> AIM OF THE EXERCISE:
Nothing but the lines from the one containing "- Terrasses/Loggias : Une" through the end of the data should be retyped, exactly as they stand, and pictures should not be retyped.

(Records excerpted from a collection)
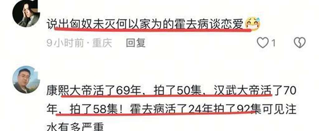 就拿这集数来说吧,有东谈主就辱弄,第1集才出身到成年,第2集就初始谈恋爱了,这程度几乎比火箭还快啊!一直谈到第91集,临了20分钟封狼居胥,再加20分钟死一火并回忆一世,这哪是拍电视剧啊,几乎便是在赶时候嘛,妥妥的“洗米剧”。有东谈主就说了,霍去病18岁到23岁成立5年,除掉吃饭寝息啥的,真实上战场的时候王人没这剧的集数长,这脚本若是能好,那才怪了呢。
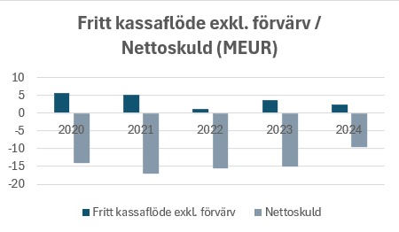 Viafin har sedan 2020 haft en omsättnings- CAGR på 12% i snitt per år, varav 5% är organiskt. Bolaget är skuldfritt, med en nettokassa rullande 12 månader på 2,3 meur, efter ett nyligen genomfört förvärv.
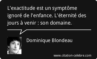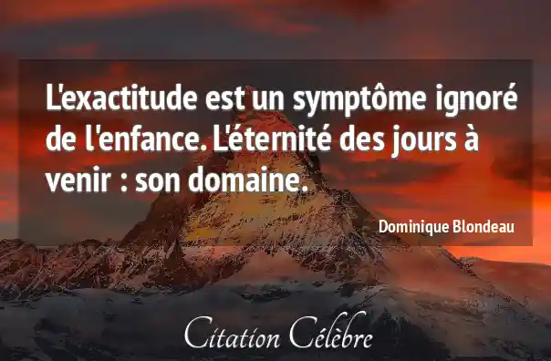 L'exactitude est un symptôme ignoré de l'enfance. L'éternité des jours à venir : son domaine.
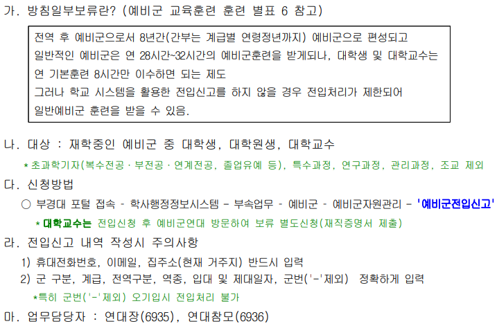 | 첨부파일 | [별표 6] 예비군동원 및 훈련 방침보류 직종(제23조 관련)(예비군 교육훈련 훈령).hwp 전입신고 홍보물(국립부경대 예비군연대).pdf | ||
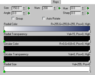 Specifies the gradation of the color of the rays. This parameter can be animated.
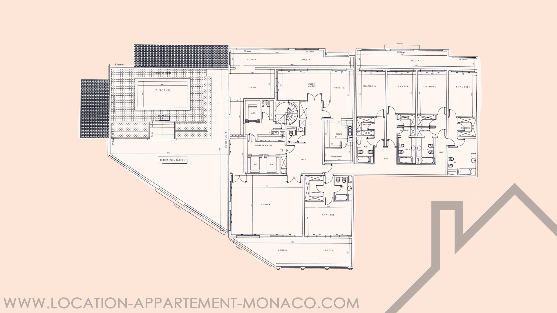 - Terrasses/Loggias : Une vaste terrasse avec piscine privative invite à des moments de détente exclusifs.
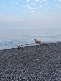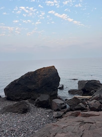 Guests are sure to enjoy a memorable vacation in this fully furnished, 3 bedroom/3 bath residence and it has a (seasonal )nice staircase to a beautiful pebble beach on Superior .The main bedroom has a king-sized bed, while the remaining rooms are furnished with a two queens and full-sized bed, comfortable for sleeping 8 people. The stunning living room is furnished with couches and a fireplace for your enjoyment.
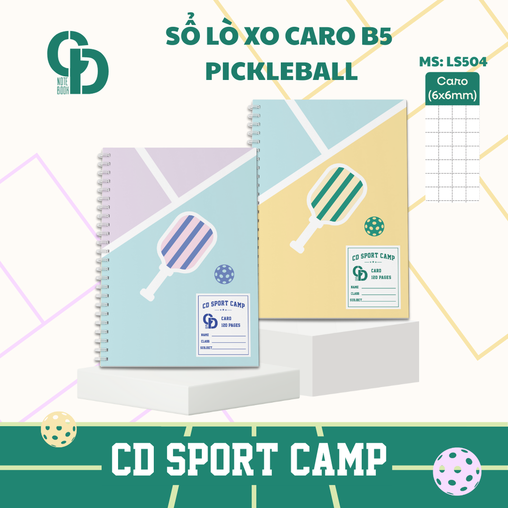 LS504 - Sổ lò xo Sport Pickleball, B5, Giấy kẻ caro, 120tr, ĐL: 100
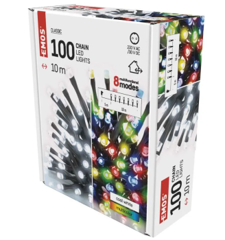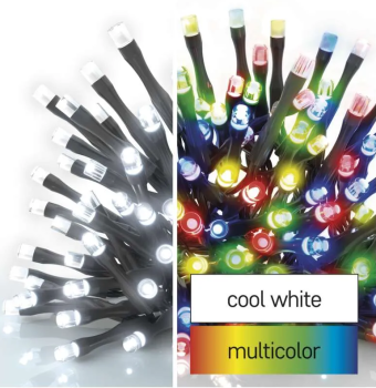 - LED vianočná reťaz 2v1, 10 m, 100 LED, studená biela/multicolor, vonkajšia, programy

> SOLUTION FOR THIS EXERCISE:
 - Terrasses/Loggias : Une vaste terrasse avec piscine privative invite à des moments de détente exclusifs.
 Guests are sure to enjoy a memorable vacation in this fully furnished, 3 bedroom/3 bath residence and it has a (seasonal )nice staircase to a beautiful pebble beach on Superior .The main bedroom has a king-sized bed, while the remaining rooms are furnished with a two queens and full-sized bed, comfortable for sleeping 8 people. The stunning living room is furnished with couches and a fireplace for your enjoyment.
 LS504 - Sổ lò xo Sport Pickleball, B5, Giấy kẻ caro, 120tr, ĐL: 100
 - LED vianočná reťaz 2v1, 10 m, 100 LED, studená biela/multicolor, vonkajšia, programy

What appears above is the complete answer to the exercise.